Dozens more Va. cops join overtime lawsuit
About 25 additional officers have joined a class-action lawsuit for back overtime pay from the Hampton Police Division, bringing the total to 130 officers
By Peter Dujardin
HAMPTON, Va. — About 25 additional officers have joined a class-action lawsuit for back overtime pay from the Hampton Police Division, bringing the total to 130 officers, the lawyer spearheading the suit said on Wednesday.
Harris Butler, with the Richmond firm of Butler Royals, said he's been filing daily notices with U.S. District Court in Newport News with the names and signatures of new officers wanting to "opt-in" to the case as plaintiffs.
There were 105 police officers named in the original lawsuit filed last week. The new total means nearly half of the force's 277 sworn officers are now suing the city.
"We want everybody who's interested in participating to participate," Butler said.
If the court certifies the case as a class-action case, a court-approved letter would be sent out to "everyone who qualifies to join the case," Butler said, which might trigger additional officers joining the suit.
Though the claim is focused mainly on back overtime for the past three years, Butler is attempting to get the court to grant a special exemption to go back even further.
Higher-ranking officers who don't get overtime are less likely to qualify for a claim, though they could file a claim based on overtime worked in the past. Though the claim generally includes those below the rank of lieutenant, at least one lieutenant has joined the suit based on past overtime when he was at a lower rank.
Also, officers no longer with the police division can qualify for a claim if they worked overtime during their time with the police force, Butler said.
Butler said that officers who don't join the lawsuit "are completely at the city's mercy" in terms of whether they will get any payout.
"It's possible that the city will agree to pay everybody irrespective of whether they're in the suit or not," Butler said. "But I suspect that anything the city offers will be less than what their ultimate court exposure would be."
In Richmond, Butler said, the city "tried to lowball the guys" who didn't join the initial 600-officer suit. That led Butler to file a second suit on behalf of about 200 officers who didn't sue the first time. "Most cities have to be compelled" to pay the officers their due, he said.
Butler said that a claim typically goes back two years from the filing for a normal claim and three years for a "willful" violation, plus any violations that occur after the claim is filed.

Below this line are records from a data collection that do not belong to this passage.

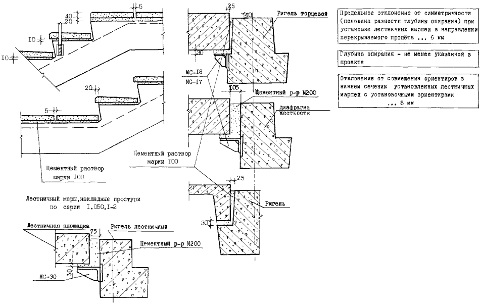 СОДЕРЖАНИЕ Пояснительная запискаСхемы входного и операционного контроля качества СМР составлены в соответствии с требованиями СНиП 3.01.01-85* «Организация строительного производства». Схемы входного и операционного контроля предназначены для линейных инженерно-технических работников, бригадиров и рабочих, работников отдела контроля качества СМР, работников лабораторной, геодезической и сварочной служб, осуществляющих самоконтроль, входной, операционный и приемочный контроль качества СМР. Схемы могут быть использованы: - работниками служб по подготовке строительного производства в качестве типовых для включения их в проекты производства СМР или разработки на их основе схем, отражающих специфику конкретных проектов зданий и сооружений; - работниками служб по подготовке кадров в качестве учебного пособия при подготовке, переподготовке и повышении квалификации рабочих и ИТР; - преподавательским составом высших и средних технических учебных заведений при подготовке инженерно-технических работников строительного профиля; - руководителями подразделений, основных функциональных отделов и служб, а также руководством строительных организаций при проверке знаний проектов и нормативных требований по качеству выполнения СМР у линейного персонала, а также при осуществлении инспекционного контроля качества СМР; - работниками авторского надзора проектных организаций; - работниками технического надзора заказчика, осуществляющими приемку выполненных работ, работниками служб архитектурно-строительного надзора, федеральных и региональных центров по лицензированию строительной деятельности и других организаций, осуществляющих надзор за строительством. Схемы входного и операционного контроля качества СМР составлены на основании требований строительных норм и правил, государственных стандартов, технических условий, типовой проектной документации и содержат: - основные требования к качеству применяемых материалов, конструкций и деталей; - перечень операций, подлежащих контролю в процессе выполнения строительно-монтажных работ; - перечень технических требований, подлежащих соблюдению при выполнении строительно-монтажных работ; - схемы основных монтажных узлов; - основные требования к качеству при приемке законченных этапов и видов работ. Строительные конструкции, изделия, материалы и инженерное оборудование, поступающие на строительную площадку, должны пройти входной контроль. Производители работ (мастера) обязаны проверять путем внешнего осмотра и выполнения необходимых замеров соответствие качества поступающих конструкций, изделий, материалов и инженерного оборудования требованиям рабочих чертежей, государственных стандартов, технических условий. При выполнении входного контроля на комплектовочных базах прорабу (мастеру) должны быть представлены документы (паспорта, сертификаты, акты и т.д.), подтверждающие качество поставляемых материалов и изделий. При возникновении сомнений в качестве поставляемых материалов прораб (мастер) обязан потребовать контрольной проверки поступивших материалов и изделий. Входной контроль должен предотвратить запуск в производство материалов, конструкций и изделий, не соответствующих требованиям проектной и нормативно-технической документации. На строительной площ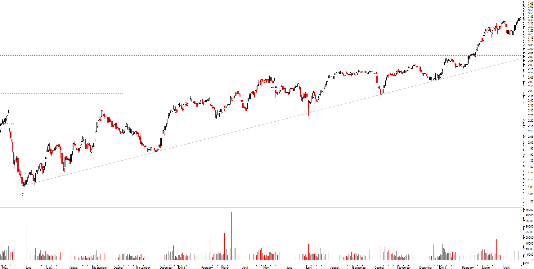 A forma como os €3,20 se aguentaram surpreenderam-me, note que a cotação suportou grandes "despejos" nas últimas semanas. Considerando que a viagem dos €2,80 aos €3,20 foi muito rápida, estava preparado para um visita aos €3,00, mas nada disso aconteceu. Os gráficos mostram uma aceleração no ritmo de subida após os €2,80.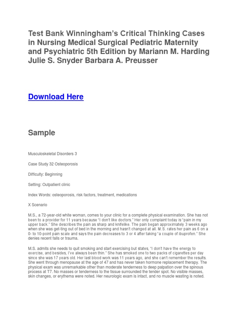 Winningham and preussers critical thinking cases in nursing pdf. Winninghams critical thinking cases in nursing 5th. Case solutions for winningham and preussers critical thinking cases in nursing 4th edition by preusser. Each case in critical thinking cases in nursing 4th edition covers a common problem drawn from actual clinical experiences and written by nurses who are clinical experts. Critical thinking nursing case studies winninghams critical thinking test bank winningham surgical case study 26 winningham case study 145 part one medical surgical cases related searches winninghams critical thinking answer key winninghams critical thinking answers winninghams critical thinking test bank winningham surgical case study 26.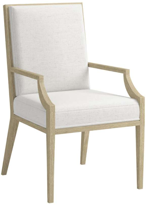 The chair features a straight, high back and a generously cushioned seat, both fully upholstered in a light, neutral fabric that complements a variety of dining aesthetics. The chair's frame, crafted from a light, natural wood, showcases a sleek, minimalist design, with gently curved armrests that add a touch of elegance and support. The clean lines of the frame are further enhanced by the slender, tapered legs, which contribute to the chair's overall sense of lightness and sophistication. The Eave II Dining Armchair is designed to provide both comfort and style, making it a perfect addition to any dining table, whether for everyday meals or formal gatherings. Its refined design allows it to seamlessly integrate into a variety of interior styles, adding a touch of understated luxury.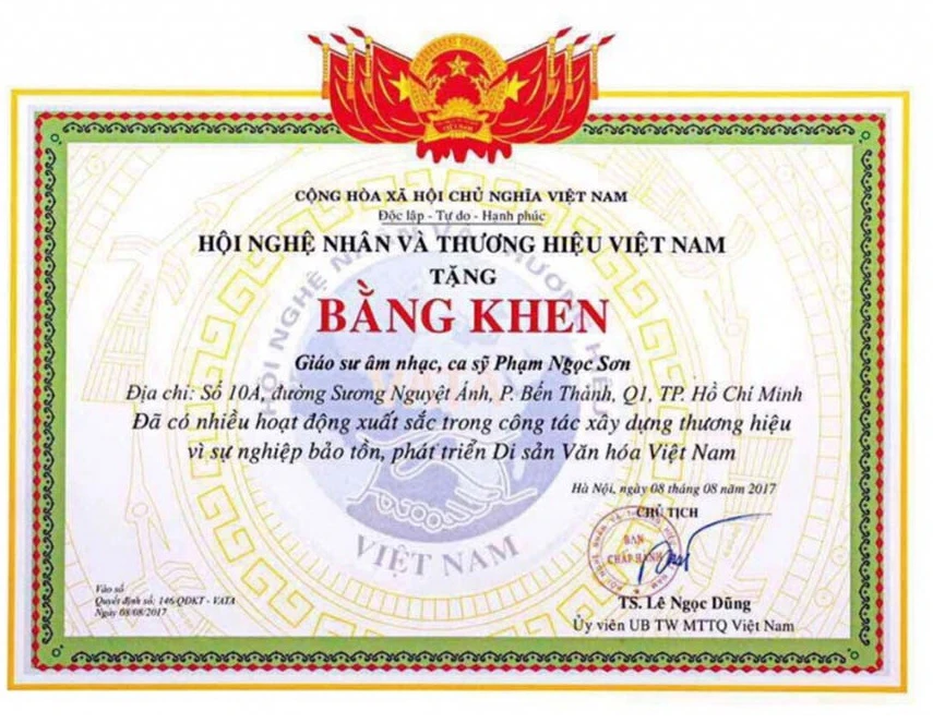 Trong thông tin gửi báo chí, đại diện ca sĩ Ngọc Sơn cho biết: “Nam ca sĩ vui mừng khi được Hội Nghệ nhân và Thương hiệu VN tặng bằng khen vì có những hoạt động xuất sắc trong sự nghiệp bảo tồn, phát triển di sản văn hóa VN. Bằng khen này phong tặng cho anh danh hiệu “GS âm nhạc”. Ngọc Sơn đã không giấu được niềm vui khi được nhà nước ghi nhận với danh hiệu này. Có thể xem Ngọc Sơn là nam ca sĩ Việt duy nhất hiện nay được ghi nhận danh hiệu GS. Với anh, danh hiệu này không chỉ là nguồn động viên mà còn là động lực để anh tiếp tục phấn đấu, cống hiến cho âm nhạc và tiếp tục chia sẻ, dìu dắt các thế hệ ca sĩ đàn em tiếp tục cố gắng theo đuổi hết mình với nghề nghiệp...”.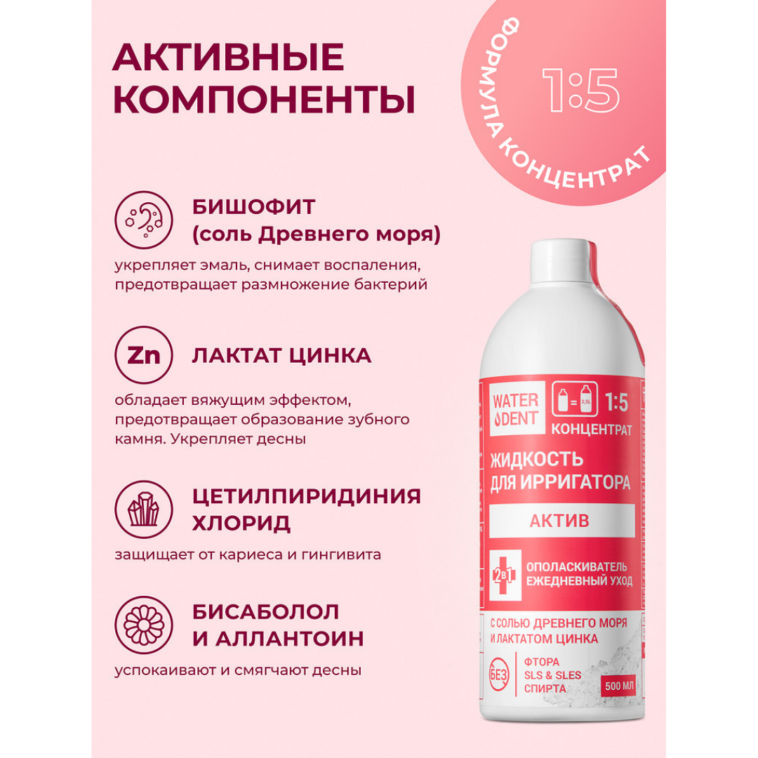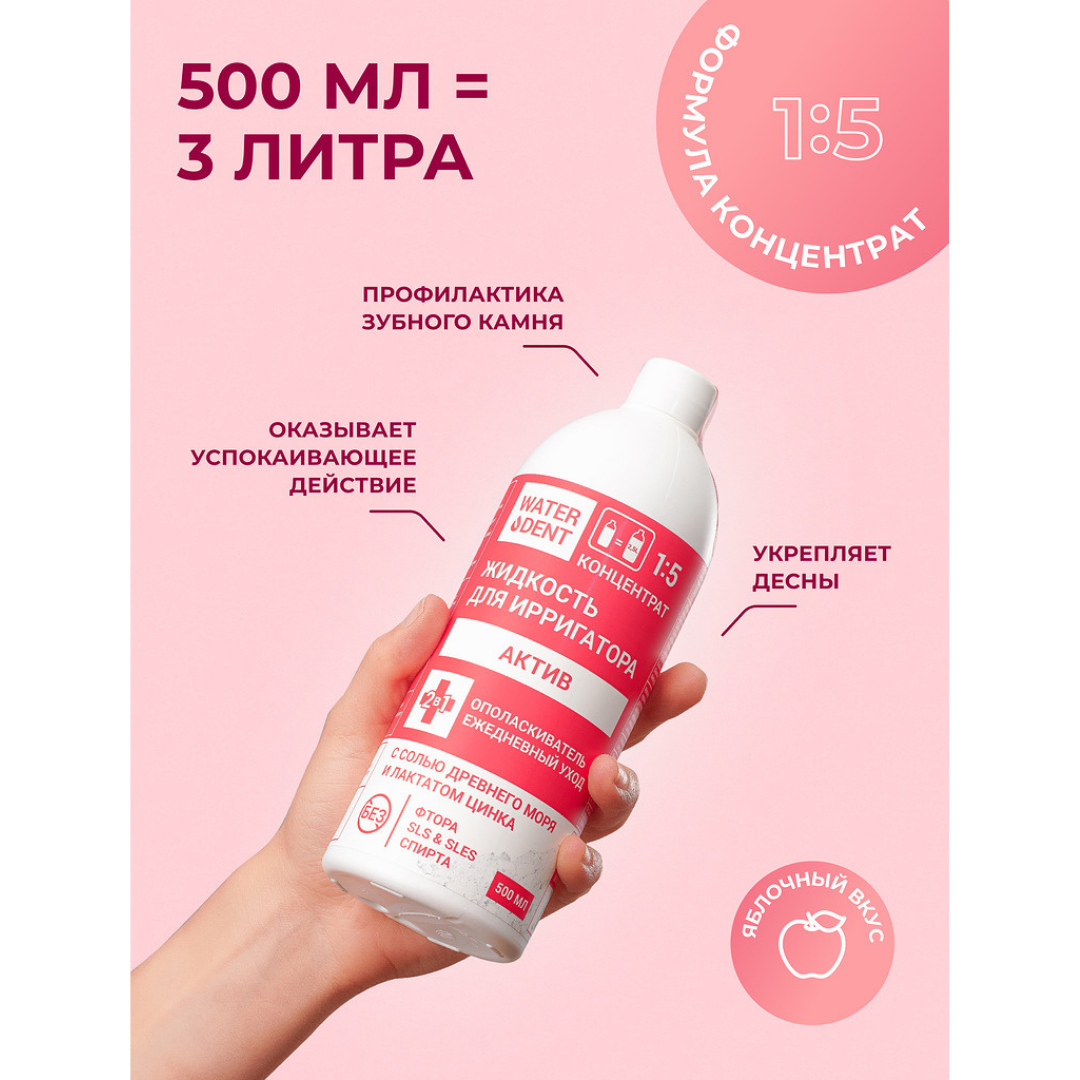 Для полноценного ухода за зубами и деснами может быть недостаточно одних щетки и пасты. Ополаскиватель Waterdent будет замечательным дополнением к вашему ежедневному уходу. Его можно использовать как отдельный продукт, а можно заливать в ирригатор для качественного очищения межзубных промежутков.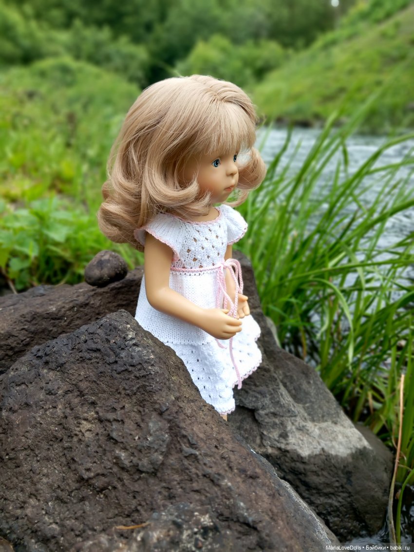Всем здравствуйте! Как-то подумалось мне, что совсем забыла я о своих девочках Руби. Стоят на полочке, скучают. Вооружившись спицами и моточком пряжи, решила исправить ситуацию, связав лёгкое летнее белое платье. Девчонки пошептались и решили, что платье лучше всего подойдёт

The suit asserts that the Hampton Police Division has failed to follow state and federal labor law regarding overtime pay. The plaintiffs contend the city acted "willfully" or "recklessly" in denying them the overtime they should have received for time they worked.
The suit asks the city to pay twice the unpaid overtime. No dollar amount is listed in the suit, but Butler said the damages are in the millions of dollars.
The claims in the suit are widely varied — including that the Hampton Police Division forced workers to take time off instead of overtime; didn't pay hours for many hours spent working "off the clock"; routinely paid patrol officers for only eight hours when 8.5 hours were worked; and didn't pay at the overtime rate for certain hours that should have been paid as overtime under a 2005 state law.
City officials have declined to comment on the case, with City Manager Mary Bunting saying the city will wait to comment until a U.S. Department of Labor investigation is complete. The city recently asked the agency to look into its pay practices.